まず土門拳が何度も行ったという室生寺の作品群。体調を崩してから、最後に雪の室生寺を撮ることにこだわったという。(室生寺に日本人が惹かれるのはなぜだろう。偶然、前日に職場と家で二度も話題になった。)

白黒の仏像の写真は背景の黒がとても美しかった。真っ黒がどこまでも深い。完全に光を失った状態の美しさなのだろうか。その効果で横顔の輪郭の線が印象的だった。自分が実物を見るときの視点と、別の角度で見ることで、対象の新たな一面に気がつくし、構図という枠組みの中で、物体が生かされる。そういった写真の面白さが満載だった。それは土門拳の扱う対象が様々だったからだと思う。

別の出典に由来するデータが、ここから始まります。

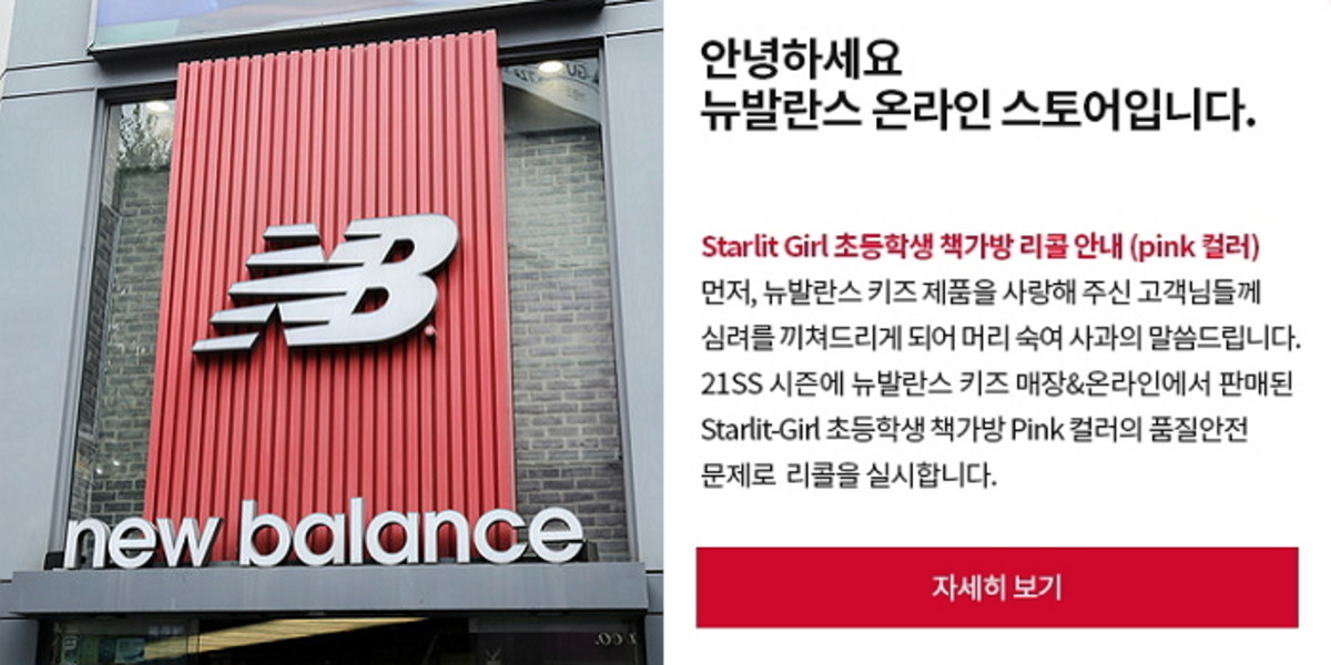 지난 16일 이랜드월드는 뉴발란스 키즈는 최근 국가기술표준원의 안전성 조사에서 프탈레이트계 가소제가 기준치 이상으로 발견된 스탈릿걸(Starlit-Girl) 초등학생 책가방 핑크 컬러 제품의 리콜을 시작했다.

縄文土器や銅鐸や信楽焼、昭和のこどもたち、海兵隊の訓練風景(この写真群の構図が面白かった。複数の人間の規則的な身体の動きが、独特の効果を生むのかもしれない。)、大学の卒業アルバム、広島の被爆者のひとたち、60年代の社会運動、柳田國男や川端康成、岡本太郎など著名人の肖像、自然の風景や花、植物。昭和という時代の記録としても興味深かったが、様々なテーマは、土門拳の関心の方向、人生の遍歴をみる気がした。

とくに印象に残ったのが、筑豊の子供たちを撮った作品群。『筑豊のこどもたち』という写真集におさめられている。山からボタを拾い集める子供や、飢えをしのぐために手をつないで立っている父子や、紙芝居に見入る子供たちなど、『ヒロシマ』の写真群もそうだが、単なる記録写真ではなく、心を打たれる。

終盤に目を引いた一枚が、花びらに雫が垂れている白い蓮の花だった。瑞々しいカラー写真。本物みたいという声も聞こえたが、実物と違う次元で美しかった。彼の仕事の集大成だと感じてしまうほど、美しく、際立っていた。

よく知るわけではないが、土門拳は芸術家ではなくジャーナリストなのだろうと感じた。写真へのこだわりや厳しさと同時に、文化への関心や社会問題への意識の高さが、仕事から伝わってくる。人生でのその時々の意識や関心を表現する手段があるのは、継続して記録していけるのは、自身にとって理想的なことでもあると思う。